(ENTRIES PROVIDED Opens)
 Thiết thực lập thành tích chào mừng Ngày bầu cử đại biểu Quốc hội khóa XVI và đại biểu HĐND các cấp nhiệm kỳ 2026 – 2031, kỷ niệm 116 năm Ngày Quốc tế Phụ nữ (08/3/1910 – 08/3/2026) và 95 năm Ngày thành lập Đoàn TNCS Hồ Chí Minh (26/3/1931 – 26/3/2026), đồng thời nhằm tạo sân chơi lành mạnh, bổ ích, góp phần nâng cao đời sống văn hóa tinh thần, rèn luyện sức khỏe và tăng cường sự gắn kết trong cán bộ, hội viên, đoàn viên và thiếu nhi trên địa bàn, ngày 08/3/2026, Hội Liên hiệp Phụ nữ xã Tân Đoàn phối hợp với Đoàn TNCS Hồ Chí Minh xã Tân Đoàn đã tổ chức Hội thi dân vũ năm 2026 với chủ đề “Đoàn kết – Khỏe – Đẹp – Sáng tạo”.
(ENTRIES PROVIDED Closes)
(ENTRIES PROVIDED Opens)
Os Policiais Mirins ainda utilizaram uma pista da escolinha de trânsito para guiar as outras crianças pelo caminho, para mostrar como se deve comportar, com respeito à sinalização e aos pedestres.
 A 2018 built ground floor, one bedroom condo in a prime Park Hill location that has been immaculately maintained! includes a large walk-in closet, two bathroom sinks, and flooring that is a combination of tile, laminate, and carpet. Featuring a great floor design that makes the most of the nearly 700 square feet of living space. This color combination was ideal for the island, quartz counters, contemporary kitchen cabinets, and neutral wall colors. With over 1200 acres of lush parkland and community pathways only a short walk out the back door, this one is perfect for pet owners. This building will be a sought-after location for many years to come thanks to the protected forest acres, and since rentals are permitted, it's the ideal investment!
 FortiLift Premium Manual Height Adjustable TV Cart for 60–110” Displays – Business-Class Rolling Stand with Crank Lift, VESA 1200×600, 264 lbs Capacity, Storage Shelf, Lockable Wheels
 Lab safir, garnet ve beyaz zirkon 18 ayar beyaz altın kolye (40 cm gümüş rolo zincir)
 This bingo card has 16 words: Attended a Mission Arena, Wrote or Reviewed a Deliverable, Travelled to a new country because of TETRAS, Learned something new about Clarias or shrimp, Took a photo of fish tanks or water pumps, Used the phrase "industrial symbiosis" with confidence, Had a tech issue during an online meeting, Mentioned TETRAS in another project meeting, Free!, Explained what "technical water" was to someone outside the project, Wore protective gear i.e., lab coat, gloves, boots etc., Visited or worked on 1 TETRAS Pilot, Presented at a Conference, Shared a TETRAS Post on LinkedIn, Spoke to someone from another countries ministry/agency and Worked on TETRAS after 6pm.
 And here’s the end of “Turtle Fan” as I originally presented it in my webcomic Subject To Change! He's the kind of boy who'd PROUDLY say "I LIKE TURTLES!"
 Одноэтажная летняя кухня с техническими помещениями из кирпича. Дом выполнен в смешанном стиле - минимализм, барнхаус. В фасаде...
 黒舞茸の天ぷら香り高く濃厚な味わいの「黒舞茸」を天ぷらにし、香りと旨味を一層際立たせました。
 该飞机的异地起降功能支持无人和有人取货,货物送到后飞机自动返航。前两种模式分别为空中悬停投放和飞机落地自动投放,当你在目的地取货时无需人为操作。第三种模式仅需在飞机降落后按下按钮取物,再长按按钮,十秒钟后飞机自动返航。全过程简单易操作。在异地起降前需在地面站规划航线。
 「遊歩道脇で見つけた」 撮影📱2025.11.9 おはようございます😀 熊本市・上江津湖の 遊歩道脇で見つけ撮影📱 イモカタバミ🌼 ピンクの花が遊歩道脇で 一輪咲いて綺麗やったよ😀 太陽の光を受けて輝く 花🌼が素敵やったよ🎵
(ENTRIES PROVIDED Closes)
(ENTRIES PROVIDED Opens)
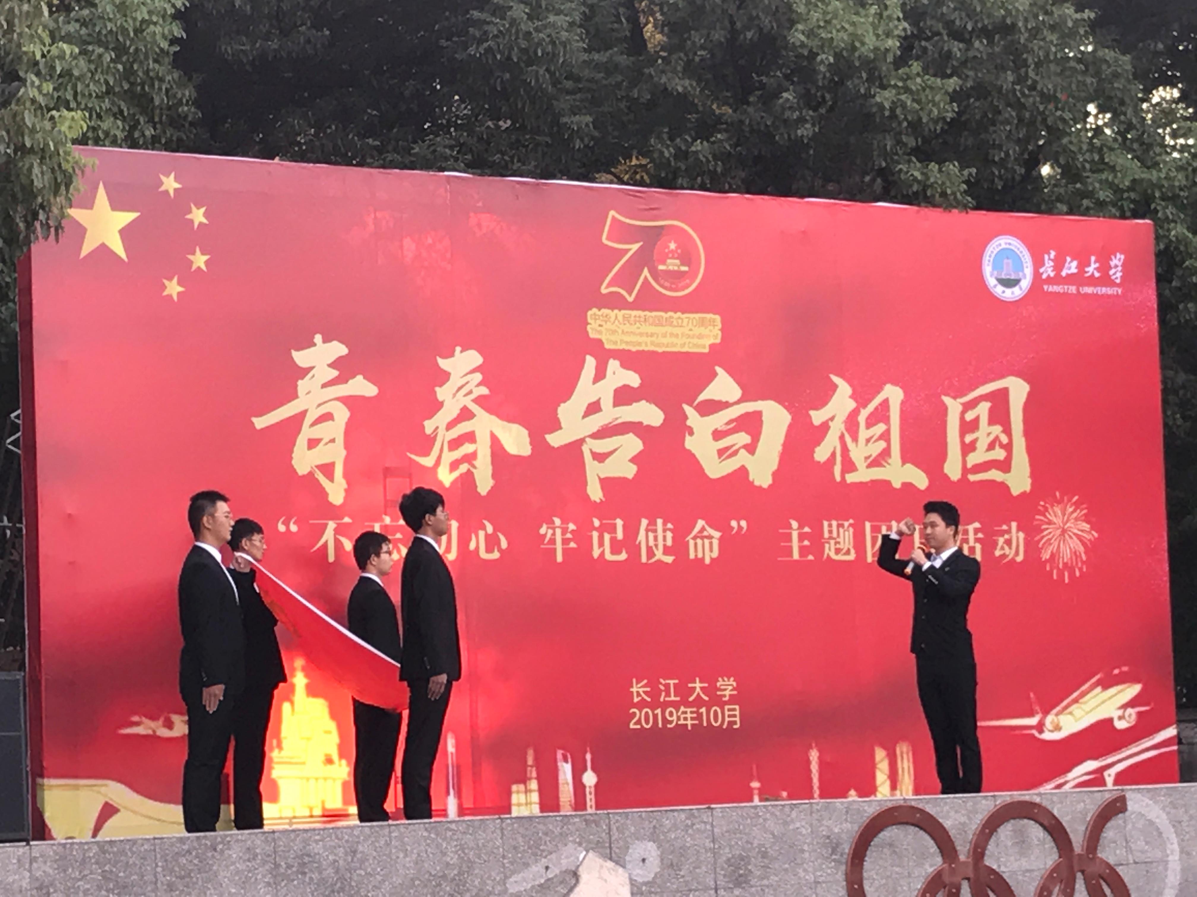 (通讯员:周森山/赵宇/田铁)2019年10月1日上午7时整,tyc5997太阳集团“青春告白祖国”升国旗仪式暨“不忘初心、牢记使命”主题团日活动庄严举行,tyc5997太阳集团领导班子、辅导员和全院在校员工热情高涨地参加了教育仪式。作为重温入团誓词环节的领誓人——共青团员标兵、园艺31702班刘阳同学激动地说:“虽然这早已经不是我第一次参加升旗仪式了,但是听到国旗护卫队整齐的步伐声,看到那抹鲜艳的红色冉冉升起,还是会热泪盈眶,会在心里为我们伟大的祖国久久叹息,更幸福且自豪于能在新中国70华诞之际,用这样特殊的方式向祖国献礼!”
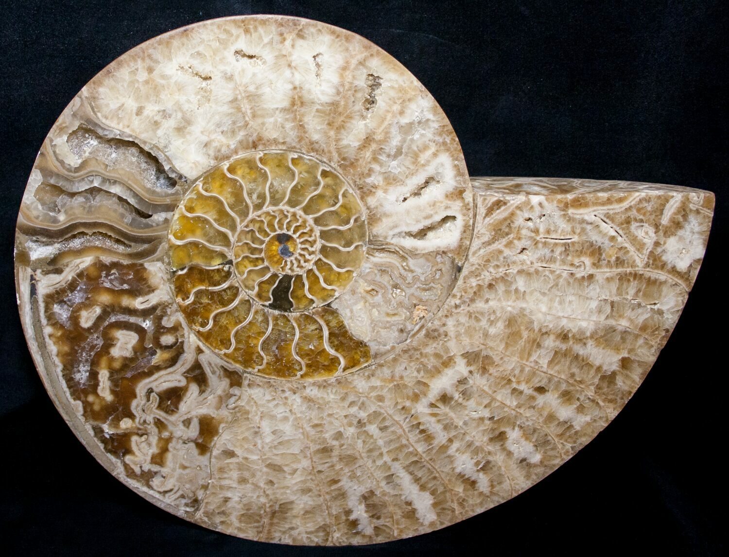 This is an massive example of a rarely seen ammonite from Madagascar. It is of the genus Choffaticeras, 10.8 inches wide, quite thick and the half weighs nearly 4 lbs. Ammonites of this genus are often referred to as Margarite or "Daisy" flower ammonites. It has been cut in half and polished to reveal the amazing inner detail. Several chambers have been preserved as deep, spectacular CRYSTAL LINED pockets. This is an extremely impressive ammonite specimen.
(ENTRIES PROVIDED Closes)
• _WORK INSTRUCTION_: Take the lines above from the one containing "Lab safir, garnet" to the one containing "一輪咲いて綺麗やったよ😀 太陽の光を受けて輝く 花🌼が素敵やったよ🎵" and retype them exactly, both ends included, with nothing added.

• _RESPONSE BELOW_:
 Lab safir, garnet ve beyaz zirkon 18 ayar beyaz altın kolye (40 cm gümüş rolo zincir)
 This bingo card has 16 words: Attended a Mission Arena, Wrote or Reviewed a Deliverable, Travelled to a new country because of TETRAS, Learned something new about Clarias or shrimp, Took a photo of fish tanks or water pumps, Used the phrase "industrial symbiosis" with confidence, Had a tech issue during an online meeting, Mentioned TETRAS in another project meeting, Free!, Explained what "technical water" was to someone outside the project, Wore protective gear i.e., lab coat, gloves, boots etc., Visited or worked on 1 TETRAS Pilot, Presented at a Conference, Shared a TETRAS Post on LinkedIn, Spoke to someone from another countries ministry/agency and Worked on TETRAS after 6pm.
 And here’s the end of “Turtle Fan” as I originally presented it in my webcomic Subject To Change! He's the kind of boy who'd PROUDLY say "I LIKE TURTLES!"
 Одноэтажная летняя кухня с техническими помещениями из кирпича. Дом выполнен в смешанном стиле - минимализм, барнхаус. В фасаде...
 黒舞茸の天ぷら香り高く濃厚な味わいの「黒舞茸」を天ぷらにし、香りと旨味を一層際立たせました。
 该飞机的异地起降功能支持无人和有人取货,货物送到后飞机自动返航。前两种模式分别为空中悬停投放和飞机落地自动投放,当你在目的地取货时无需人为操作。第三种模式仅需在飞机降落后按下按钮取物,再长按按钮,十秒钟后飞机自动返航。全过程简单易操作。在异地起降前需在地面站规划航线。
 「遊歩道脇で見つけた」 撮影📱2025.11.9 おはようございます😀 熊本市・上江津湖の 遊歩道脇で見つけ撮影📱 イモカタバミ🌼 ピンクの花が遊歩道脇で 一輪咲いて綺麗やったよ😀 太陽の光を受けて輝く 花🌼が素敵やったよ🎵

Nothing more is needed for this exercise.